__DATA SECTION__.
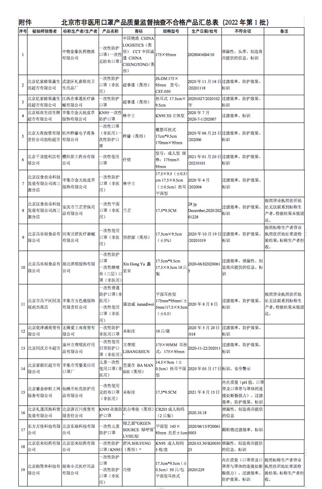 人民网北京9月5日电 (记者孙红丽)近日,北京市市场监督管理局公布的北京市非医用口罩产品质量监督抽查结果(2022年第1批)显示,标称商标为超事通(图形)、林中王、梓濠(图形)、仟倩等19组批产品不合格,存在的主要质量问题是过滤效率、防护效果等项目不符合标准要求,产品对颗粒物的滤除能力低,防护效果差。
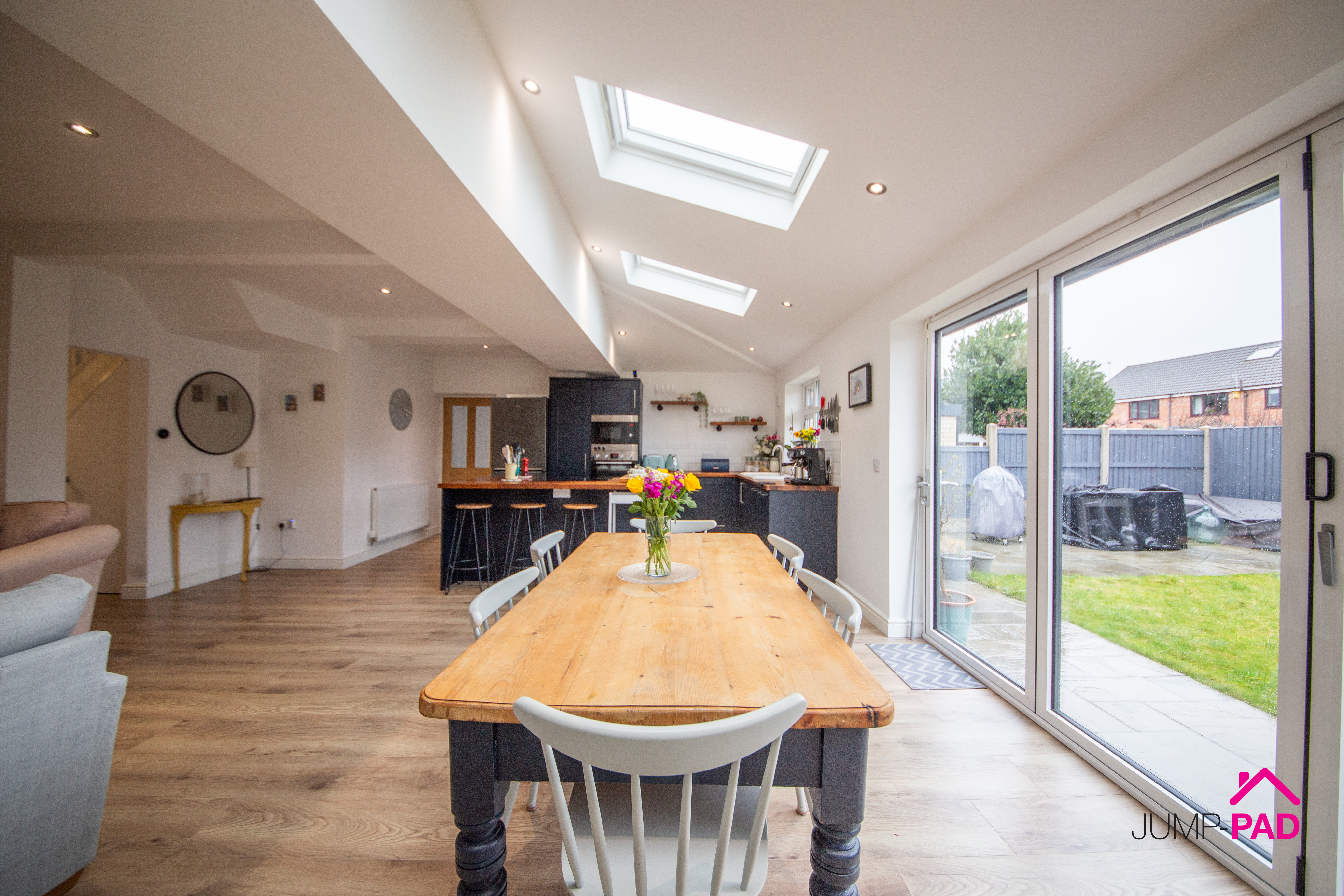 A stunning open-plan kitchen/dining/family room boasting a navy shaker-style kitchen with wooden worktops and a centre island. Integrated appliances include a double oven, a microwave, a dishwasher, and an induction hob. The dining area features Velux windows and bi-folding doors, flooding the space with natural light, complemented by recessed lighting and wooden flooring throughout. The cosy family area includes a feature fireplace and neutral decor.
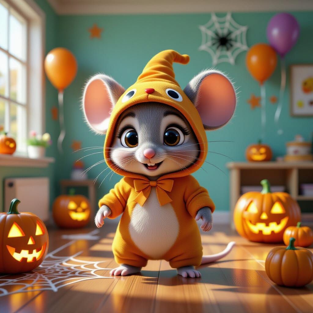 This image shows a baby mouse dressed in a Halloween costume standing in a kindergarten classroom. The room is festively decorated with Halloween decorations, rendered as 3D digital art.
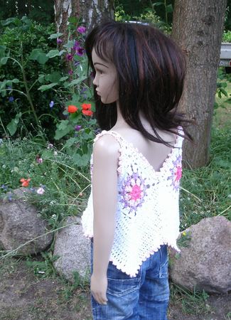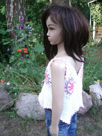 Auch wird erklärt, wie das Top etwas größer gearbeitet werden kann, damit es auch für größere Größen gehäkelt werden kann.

__EXERCISE PROMPT__. Return the listing above in an exact copy that leaves out the images.

__PROBLEM SOLUTION__.
 人民网北京9月5日电 (记者孙红丽)近日,北京市市场监督管理局公布的北京市非医用口罩产品质量监督抽查结果(2022年第1批)显示,标称商标为超事通(图形)、林中王、梓濠(图形)、仟倩等19组批产品不合格,存在的主要质量问题是过滤效率、防护效果等项目不符合标准要求,产品对颗粒物的滤除能力低,防护效果差。
 A stunning open-plan kitchen/dining/family room boasting a navy shaker-style kitchen with wooden worktops and a centre island. Integrated appliances include a double oven, a microwave, a dishwasher, and an induction hob. The dining area features Velux windows and bi-folding doors, flooding the space with natural light, complemented by recessed lighting and wooden flooring throughout. The cosy family area includes a feature fireplace and neutral decor.
 This image shows a baby mouse dressed in a Halloween costume standing in a kindergarten classroom. The room is festively decorated with Halloween decorations, rendered as 3D digital art.
 Auch wird erklärt, wie das Top etwas größer gearbeitet werden kann, damit es auch für größere Größen gehäkelt werden kann.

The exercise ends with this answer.